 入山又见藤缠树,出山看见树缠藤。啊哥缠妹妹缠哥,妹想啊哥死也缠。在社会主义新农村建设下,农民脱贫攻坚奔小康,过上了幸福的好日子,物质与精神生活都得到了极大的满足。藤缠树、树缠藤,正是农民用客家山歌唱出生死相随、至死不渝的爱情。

---

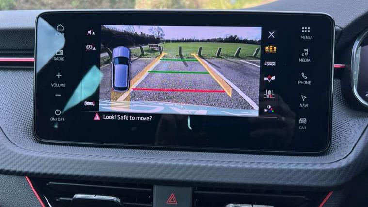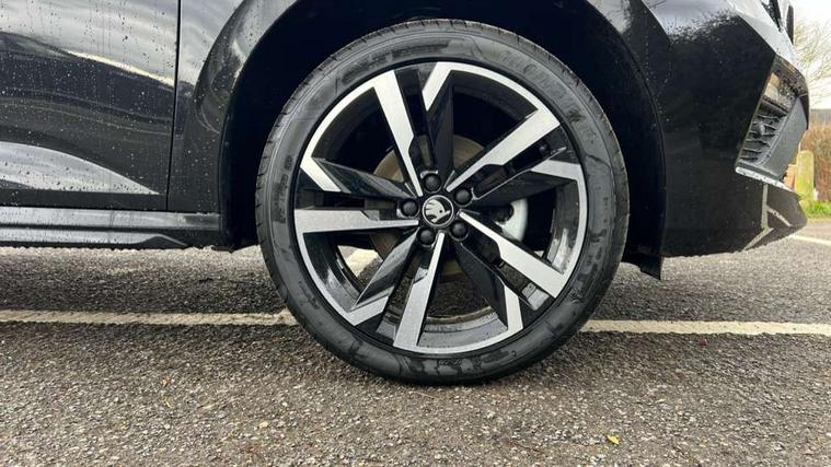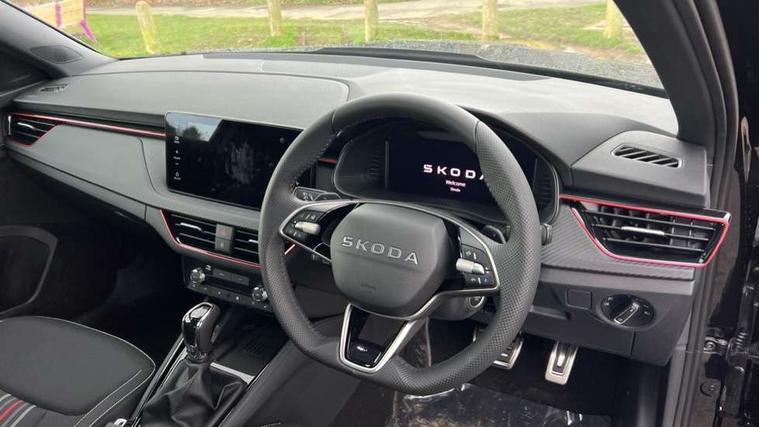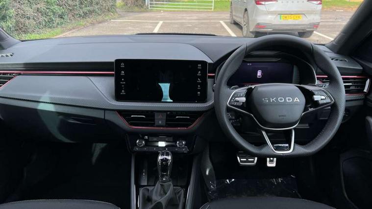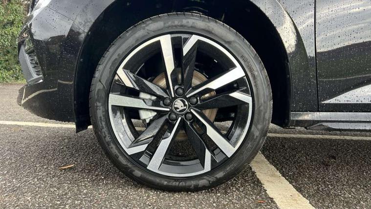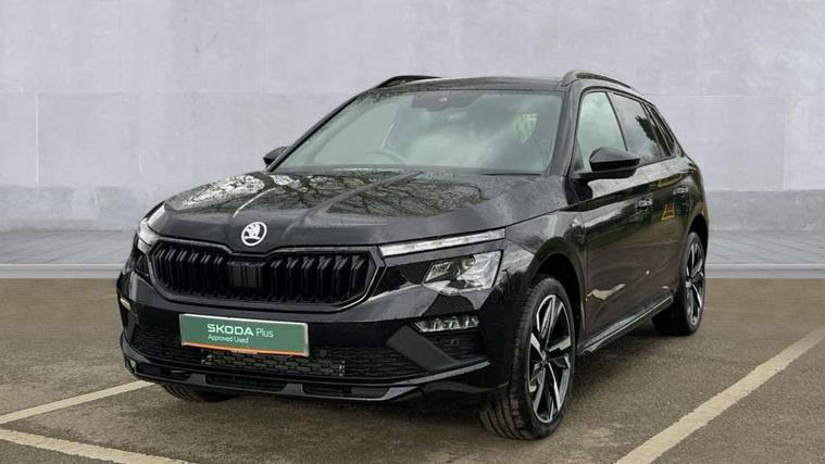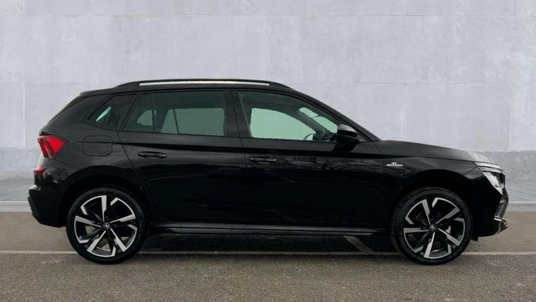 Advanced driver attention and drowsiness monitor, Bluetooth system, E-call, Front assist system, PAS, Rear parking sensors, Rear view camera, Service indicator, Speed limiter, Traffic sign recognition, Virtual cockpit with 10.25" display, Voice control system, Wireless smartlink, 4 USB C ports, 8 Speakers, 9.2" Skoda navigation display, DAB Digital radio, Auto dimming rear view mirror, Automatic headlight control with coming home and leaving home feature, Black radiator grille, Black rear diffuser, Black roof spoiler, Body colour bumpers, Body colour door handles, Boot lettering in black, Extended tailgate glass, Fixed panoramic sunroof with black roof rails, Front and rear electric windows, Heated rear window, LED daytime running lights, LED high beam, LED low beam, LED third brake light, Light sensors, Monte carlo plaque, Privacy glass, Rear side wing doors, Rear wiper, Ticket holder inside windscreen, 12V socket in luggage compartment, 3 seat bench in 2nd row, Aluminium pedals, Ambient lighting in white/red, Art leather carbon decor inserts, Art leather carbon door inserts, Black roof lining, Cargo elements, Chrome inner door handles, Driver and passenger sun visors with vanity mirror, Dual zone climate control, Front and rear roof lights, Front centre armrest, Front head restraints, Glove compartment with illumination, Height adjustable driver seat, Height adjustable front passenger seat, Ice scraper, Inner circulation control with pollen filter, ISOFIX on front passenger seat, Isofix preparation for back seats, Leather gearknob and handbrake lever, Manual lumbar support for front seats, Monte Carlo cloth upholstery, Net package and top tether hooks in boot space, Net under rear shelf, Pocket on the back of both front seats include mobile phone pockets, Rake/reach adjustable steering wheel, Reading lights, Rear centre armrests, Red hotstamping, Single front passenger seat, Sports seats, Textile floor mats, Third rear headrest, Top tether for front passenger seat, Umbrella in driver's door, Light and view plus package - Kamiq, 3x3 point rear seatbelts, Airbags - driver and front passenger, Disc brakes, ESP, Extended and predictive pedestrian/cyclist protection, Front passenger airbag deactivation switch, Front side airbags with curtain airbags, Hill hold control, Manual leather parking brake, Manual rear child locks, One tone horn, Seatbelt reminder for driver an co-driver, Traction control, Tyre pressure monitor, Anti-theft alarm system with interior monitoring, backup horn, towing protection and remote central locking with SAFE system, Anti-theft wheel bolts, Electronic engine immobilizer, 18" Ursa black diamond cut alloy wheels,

* * *

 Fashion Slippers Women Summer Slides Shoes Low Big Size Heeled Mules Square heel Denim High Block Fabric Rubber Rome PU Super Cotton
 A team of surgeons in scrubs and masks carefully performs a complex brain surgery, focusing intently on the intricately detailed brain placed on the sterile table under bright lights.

## About this task
Within the listing above, locate the line containing "Fashion Slippers Women" and the line containing "A team of surgeons". Reproduce those two lines and all lines between them exactly, with nothing added.

## Exercise result
 Fashion Slippers Women Summer Slides Shoes Low Big Size Heeled Mules Square heel Denim High Block Fabric Rubber Rome PU Super Cotton
 A team of surgeons in scrubs and masks carefully performs a complex brain surgery, focusing intently on the intricately detailed brain placed on the sterile table under bright lights.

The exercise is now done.